_ Já disse, Jean. “Annapolis”! _ Ana falou tentando disfarçar o que significava pra ela.
_ Desculpe, estava fazendo umas anotações. Que filme é esse? _ ele perguntou, do outro lado da linha, com tom pouco interessado _ É bom?
_ É sobre um cara que tinha problema com o pai, decide servir a marinha e…
_ Amor, amor, preciso… _ Jean interrompeu.
_ … lá ele se encon… _ Ana tentou completar.
_ … desligar!
_ “OK.”
A voz de Ana ficava aguda, muito aguda, quando ficava nervosa, ou mentia. Então o ideal era falar pouco para não dar pinta, mas não estava nada “OK”. Noivos há sete meses, com casamento marcado para dali a oito dias, Ana estava um caos e Jean parecia se sentir o homem mais afortunado que já existiu, apesar do trabalho o consumir todos os dias e noites.
_ Você também devia ir _ Jean completou, rabiscando em sua agenda _ Tem feito muita coisa esses dias. Filme mamão com açúcar esse, a gente baixa depois. Vai dormir! _ e parou com a caneta para anotar. _ “Annapolis”, né?
_ É. OK.
_ Te amo! _ ele disse mais em tom de despedida que no sentido romântico.

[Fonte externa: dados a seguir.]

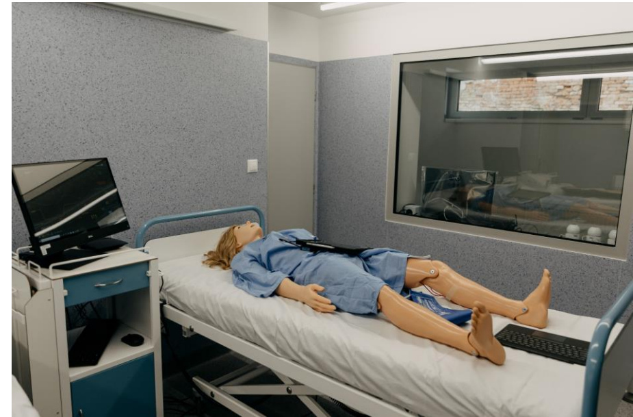
Image 1. Simulation environment

Methodology that offers the possibility of performing safe and controlled way a practice in a clinical setting that simulates professional reality.
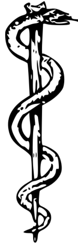
Rod (Staff) of Asclepius
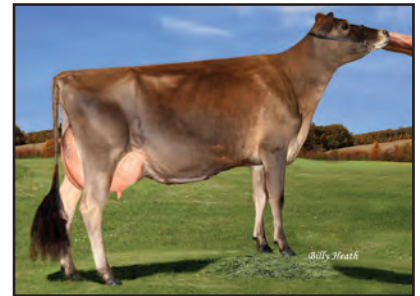
TJ CLASSIC VERBATIM VICTORIA-ET Sister to the Dam of Lot 80
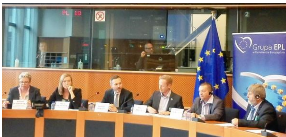
MEP Jarosław Wałęsa, WWF Poland and fishermen in the European Parliament

WFO is pleased with the fishermen testimonials, demonstrating that a growing number of fishermen around Europe are dedicated to the fight against marine litter. Therefore WFO will strengthen the cooperation with WWF Poland and the Polish fishing communities.
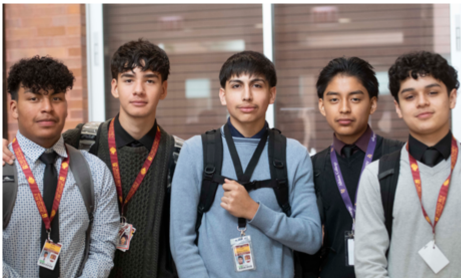
Members of the Class of 2026.
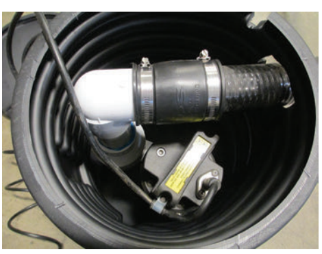
Do not overtighten discharge assembly while installing pump into vault.
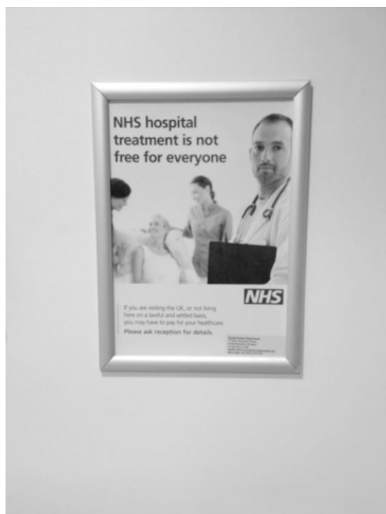
Figure 2: Signs in NHS on limited rights to healthcare for some migrants

Alongside focus groups, interviews and observations in our own six research locations, to help us understand how the wider population reacted to these campaigns, we commissioned a survey from Ipsos MORI on attitudes to Home Office immigration campaigns (see the Appendix for more details). The opening section of the survey mapped public awareness of a number of overlapping initiatives, chosen to represent the focus on communicating the active pursuit of immigration control. The survey asked people whether they were aware of the following:
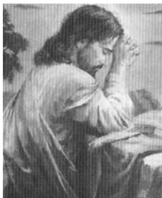
My soul is sorrowful even unto death. Stay here and watch. (St. Mark XIV-34)

O Jesus, through the abundance of Thy love, and in order to overcome our hardheartedness, Thou pourest out torrents of Thy graces over those who reflect on Thy most sacred sorrow in the Garden of Gethsemane, and who spread devotion to it. I pray Thee, move my soul and my heart to think often, at least once a day, of Thy most bitter Agony in the Garden of Gethsemane, in order to communicate with Thee and to be united with Thee as closely as possible.
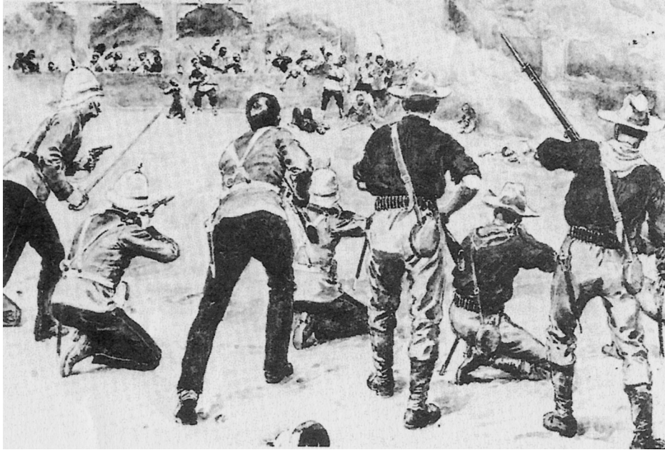
An illustration of the siege of the British Legation in Beijing during the Boxer Rebellion in 1900.

24 Study the illustration, and then answer the questions which follow.
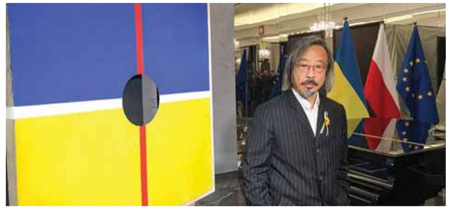
This photo shows Chinese artist Huang Rui posing with his artwork "Absence of Black Moon" during a "Together for Peace" event at the Poland embassy in Beijing.

China has repeatedly blamed NATO's "eastward expansion" for worsening tensions between Russia and Ukraine, echoing the Kremlin's prime security grievance, while refusing to criticise Moscow's decision to send troops across the border. President Xi Jinping urged "maximum restraint" to avoid a "humanitarian crisis" during a Tuesday video summit with France's Emmanuel Macron and Germany's Olaf Scholz. —AFP
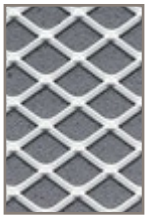
White Metal Light-Gray Insert
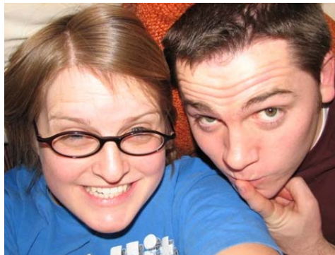
Sometimes we are not serious. ☺
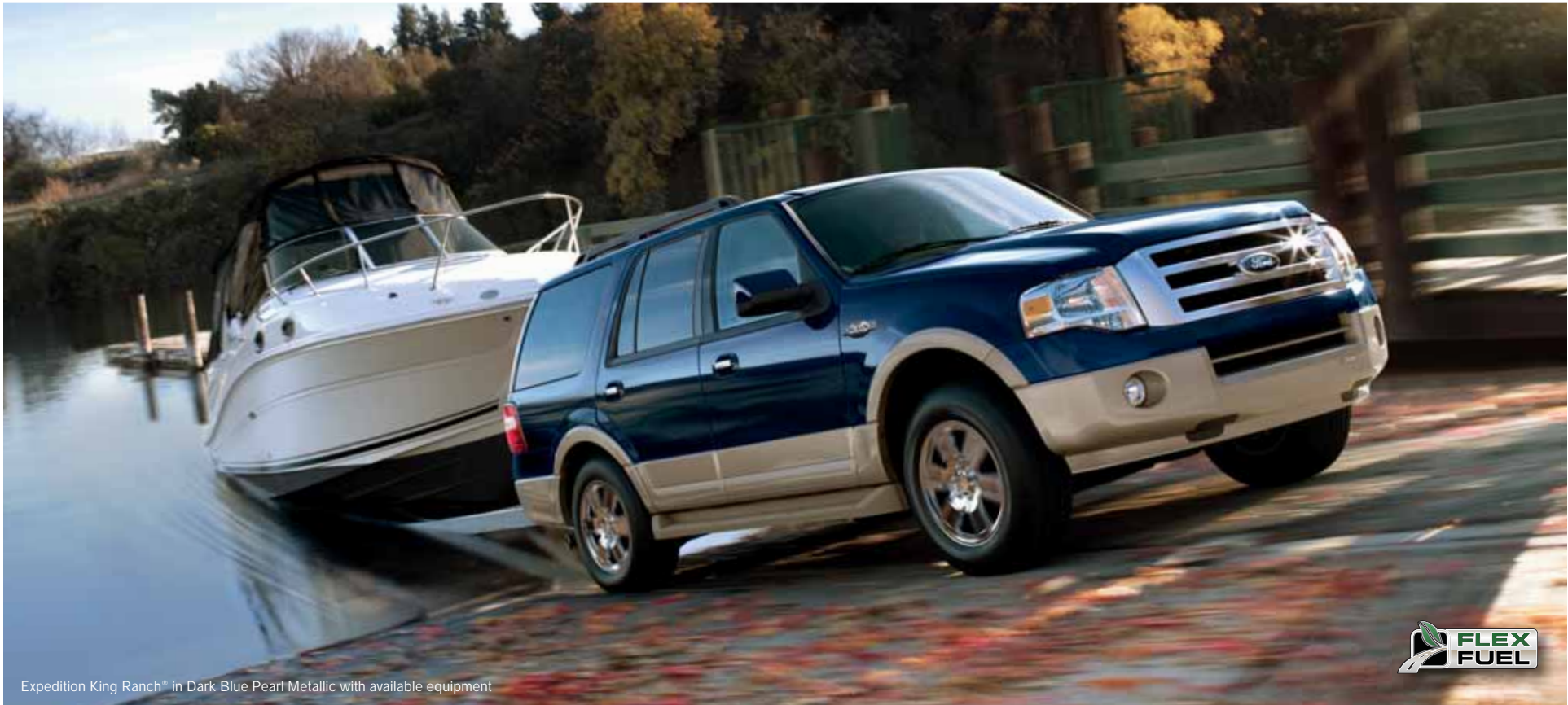
Expedition King Ranch® in Dark Blue Pearl Metallic with available equipment
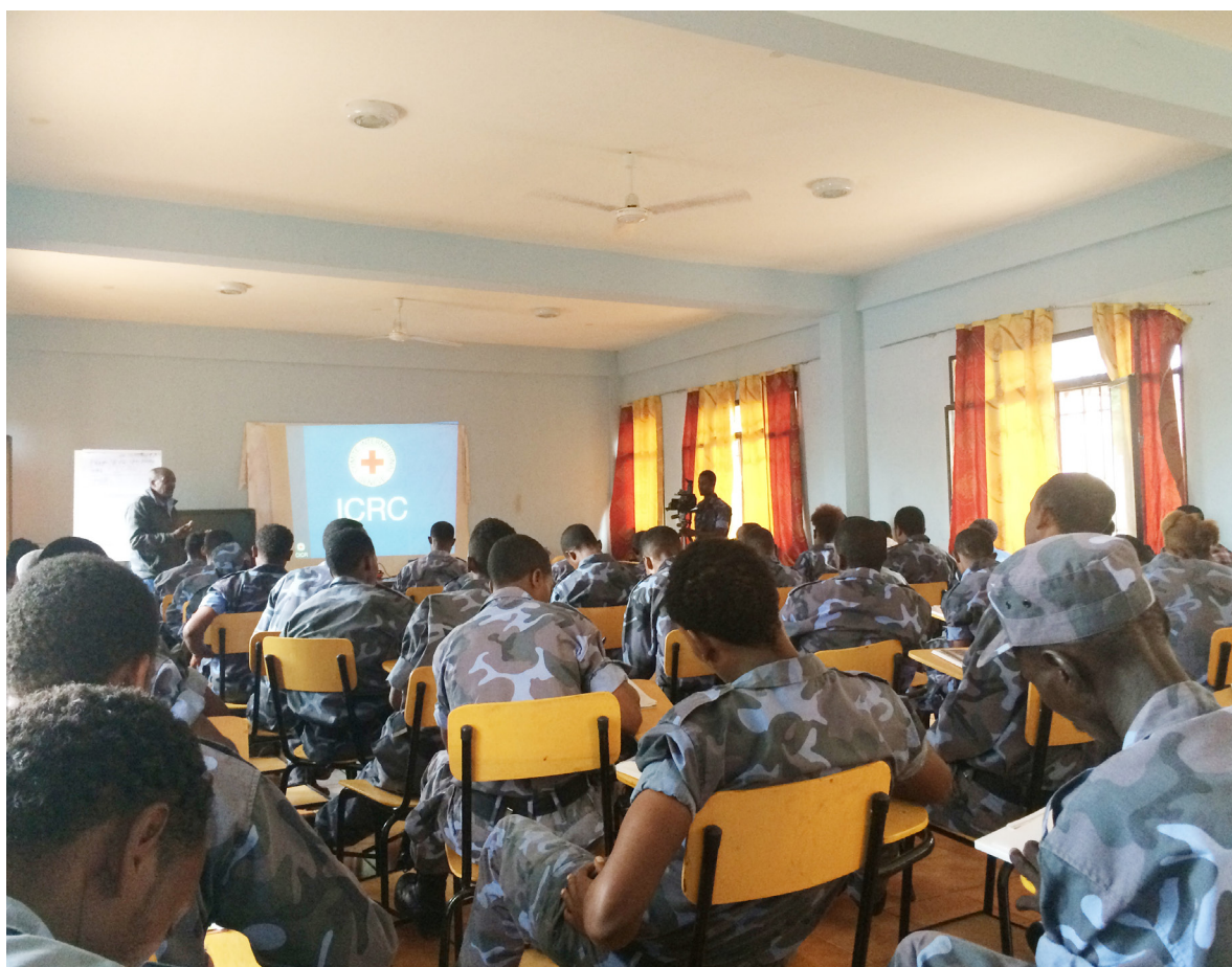
ICRC training of members of the Federal Special Force on international standards on the use of force and firearms.

_ Beijo! _ e desligou _ Você que é um mamão com açúcar!
Já te ocorreu de não saber o que pensar, e no que pensar? A família de Ana estava toda na sala, assistindo ao filme “Annapolis”, mas aquele momento se passou como se ninguém estivesse ali. A sala bem escura, o chão frio com piso antigo de tacos, apenas o reflexo da televisão no seu rosto; e nada revelava a dor que ela sentia, nem pra ela mesma. Ana estava encarando o casamento como se fosse o próprio abate, mas “ter dúvidas na véspera é normal”, todos diziam, “você pode tomar um calmante pra dormir”. Talvez a expectativa do grande dia a estivesse consumindo, talvez a ideia de ter que passar o resto da vida como esposa do Jean a estivesse consumindo; qual a diferença? E não era bem uma má ideia. Jean é um bom amigo, ama a família e é certo de dar um ótimo pai. Que mulher pensaria duas vezes em se casar com um cardiologista pediátrico? Ana. Então por que se casar?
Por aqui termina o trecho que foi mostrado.